[Task prompt] The output must match the lines from the first line of the listing below through the line holding "Here are MO" exactly and must contain no pictures.

[Supplied data]

>>

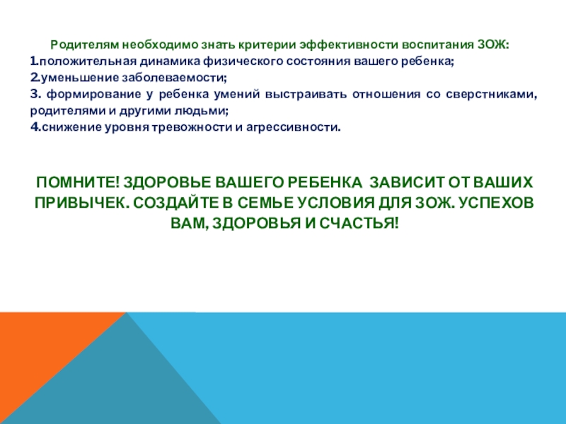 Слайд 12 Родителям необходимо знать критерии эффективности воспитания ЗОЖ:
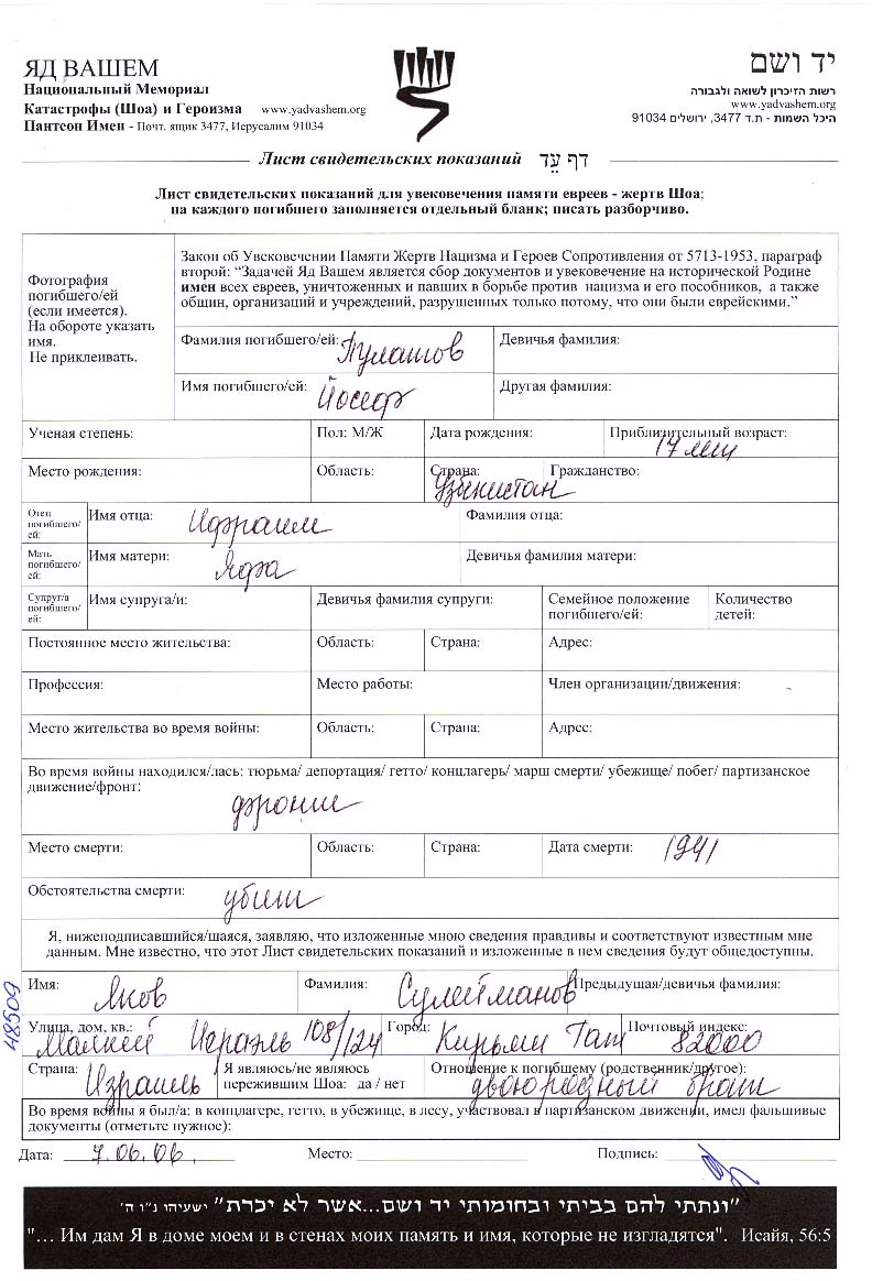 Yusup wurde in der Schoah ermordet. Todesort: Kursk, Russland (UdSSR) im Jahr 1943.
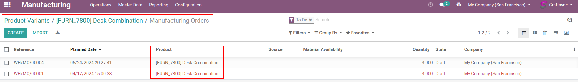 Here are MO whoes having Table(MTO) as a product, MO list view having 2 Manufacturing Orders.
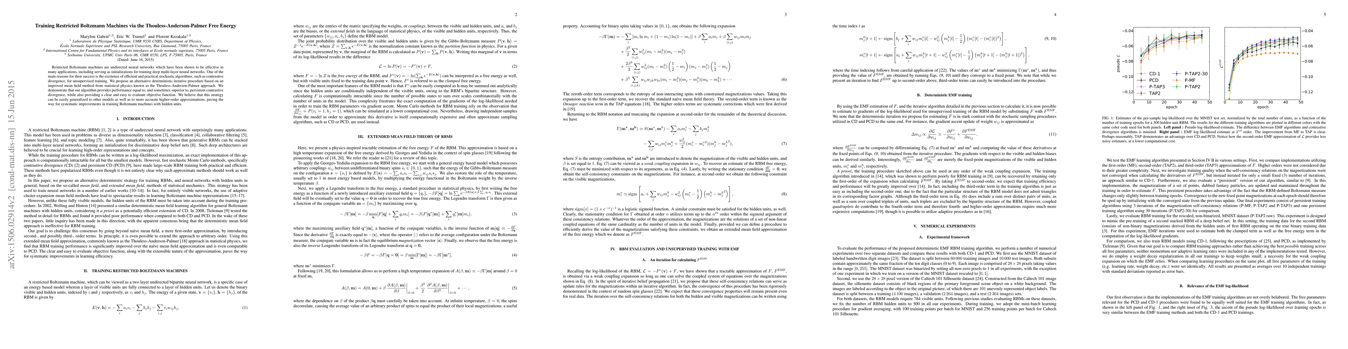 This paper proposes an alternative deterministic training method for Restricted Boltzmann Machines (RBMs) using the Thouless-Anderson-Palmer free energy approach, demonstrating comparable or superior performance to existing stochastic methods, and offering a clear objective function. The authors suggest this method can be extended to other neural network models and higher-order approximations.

<<

[Completed task]
 Слайд 12 Родителям необходимо знать критерии эффективности воспитания ЗОЖ:
 Yusup wurde in der Schoah ermordet. Todesort: Kursk, Russland (UdSSR) im Jahr 1943.
 Here are MO whoes having Table(MTO) as a product, MO list view having 2 Manufacturing Orders.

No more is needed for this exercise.